**Task to carry out:**
Word-for-word repetition of the records below is needed, but only from the line holding "W środku pełne" through the final line, with pictures excluded.

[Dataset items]
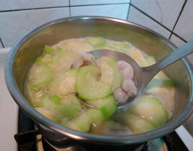 将鱼饺,蛋饺及丝瓜,虾米放入锅中煮
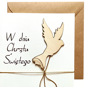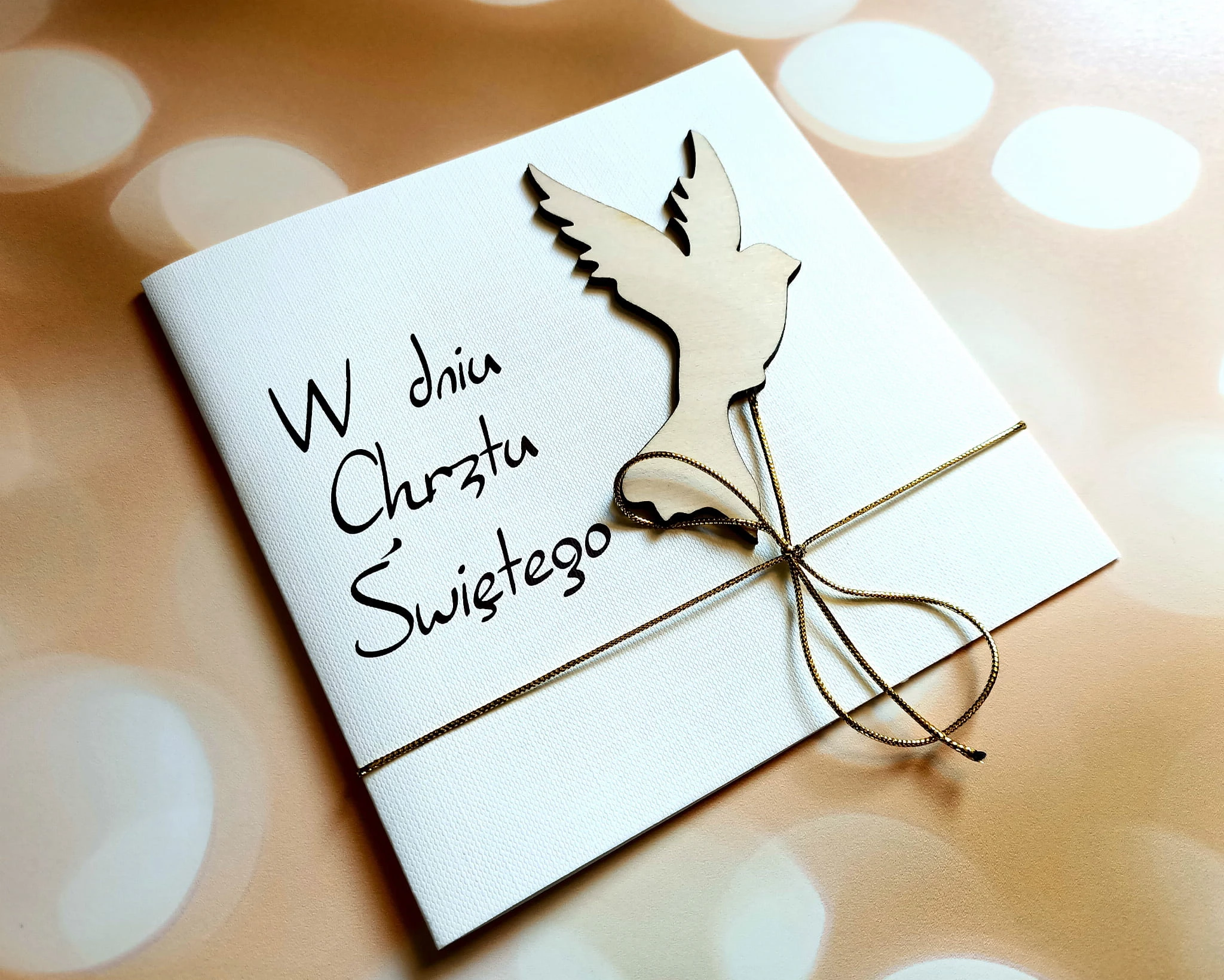 W środku pełne życzliwości życzenia, wystarczy się podpisać...Na tym polega ich czar i urok, piękna kolorystyka, z elementem drewna, przechowywane będą przez lata.
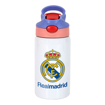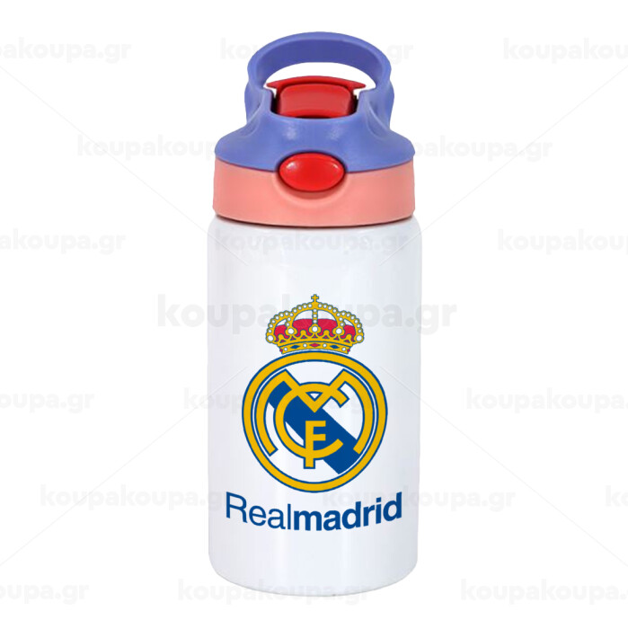 Real Madrid CF, Children's hot water bottle, stainless steel, with safety straw, pink/purple (350ml)
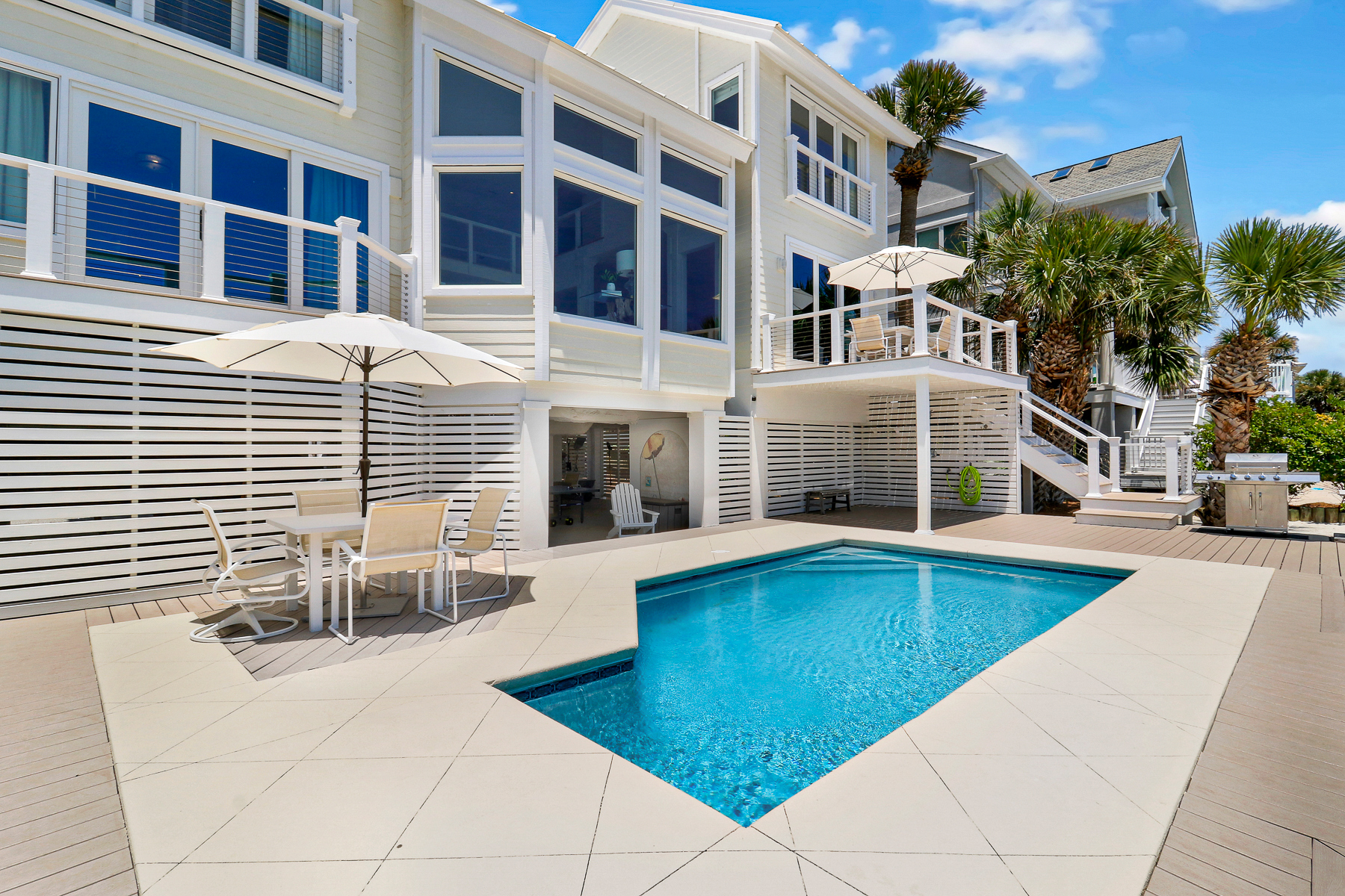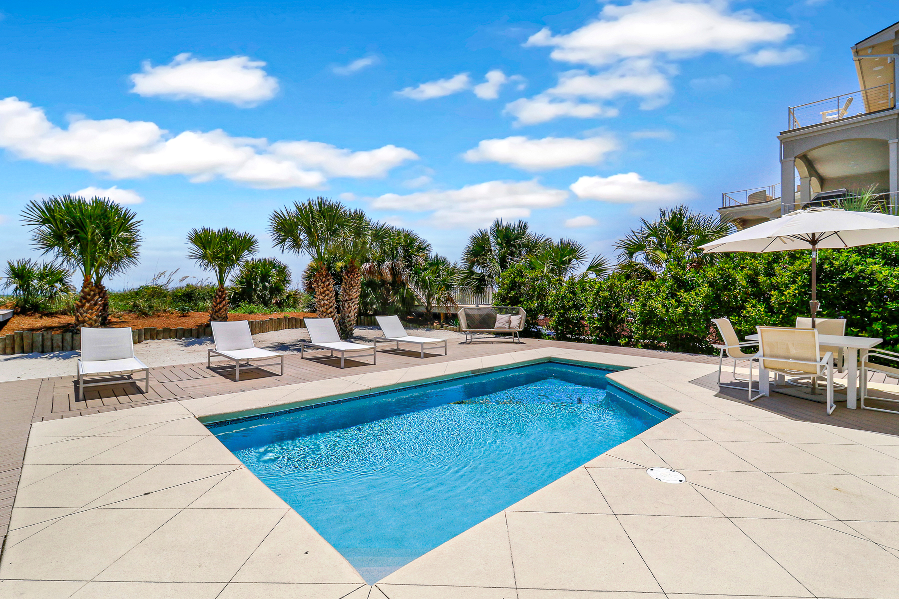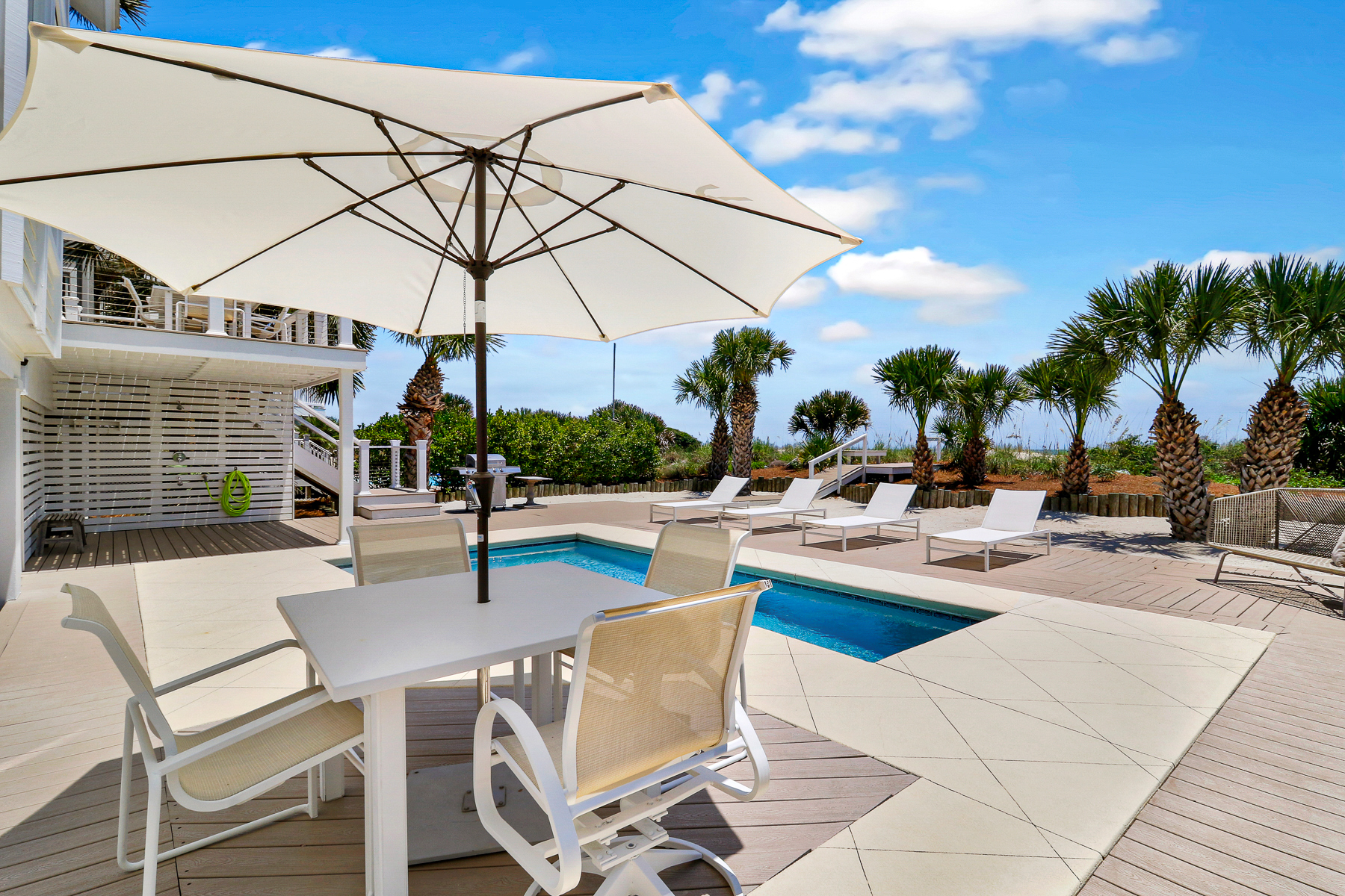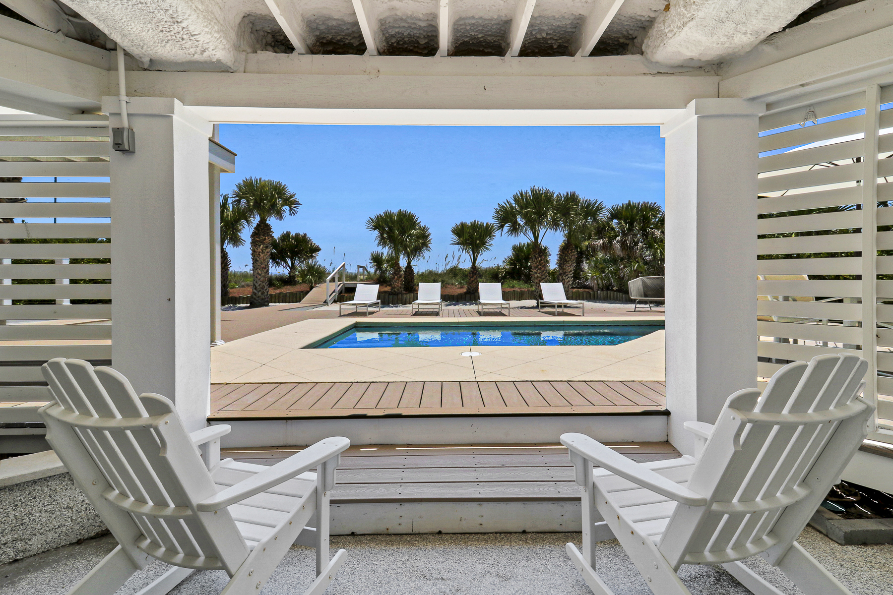 The private pool deck area overlooks the pristine beach and ocean. A nice perk is the home offers complementary pool heat seasonally. As long as the outdoor temperature doesn't fall below 55 degrees, you are all set to enjoy FREE pool heat typically March through May & September through October.
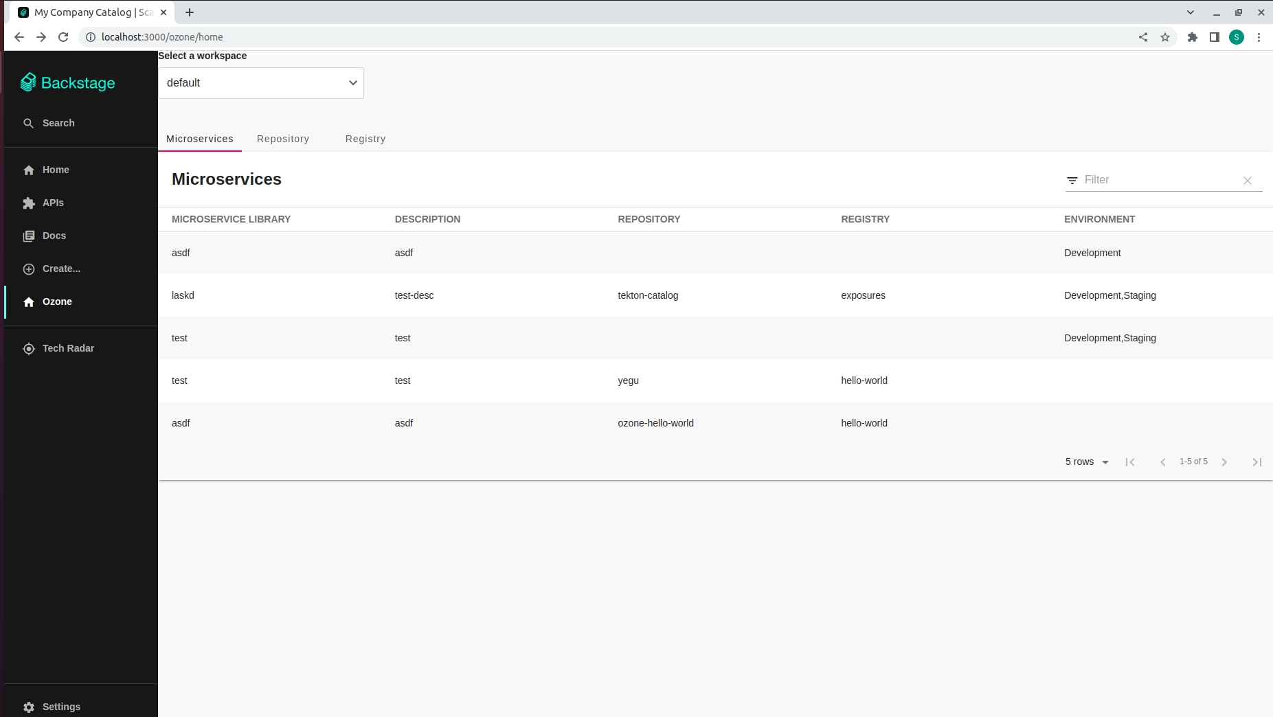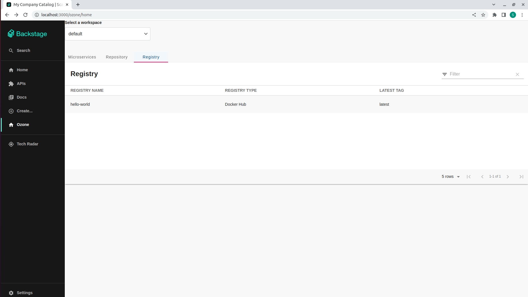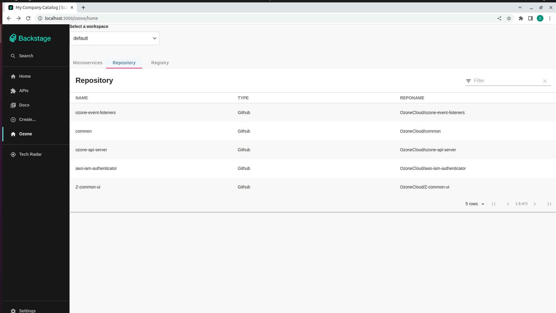 Microservice,Repository,Registry,pipelinesOn click of tabs will route to the lists accordingly

**Output:**
 W środku pełne życzliwości życzenia, wystarczy się podpisać...Na tym polega ich czar i urok, piękna kolorystyka, z elementem drewna, przechowywane będą przez lata.
 Real Madrid CF, Children's hot water bottle, stainless steel, with safety straw, pink/purple (350ml)
 The private pool deck area overlooks the pristine beach and ocean. A nice perk is the home offers complementary pool heat seasonally. As long as the outdoor temperature doesn't fall below 55 degrees, you are all set to enjoy FREE pool heat typically March through May & September through October.
 Microservice,Repository,Registry,pipelinesOn click of tabs will route to the lists accordingly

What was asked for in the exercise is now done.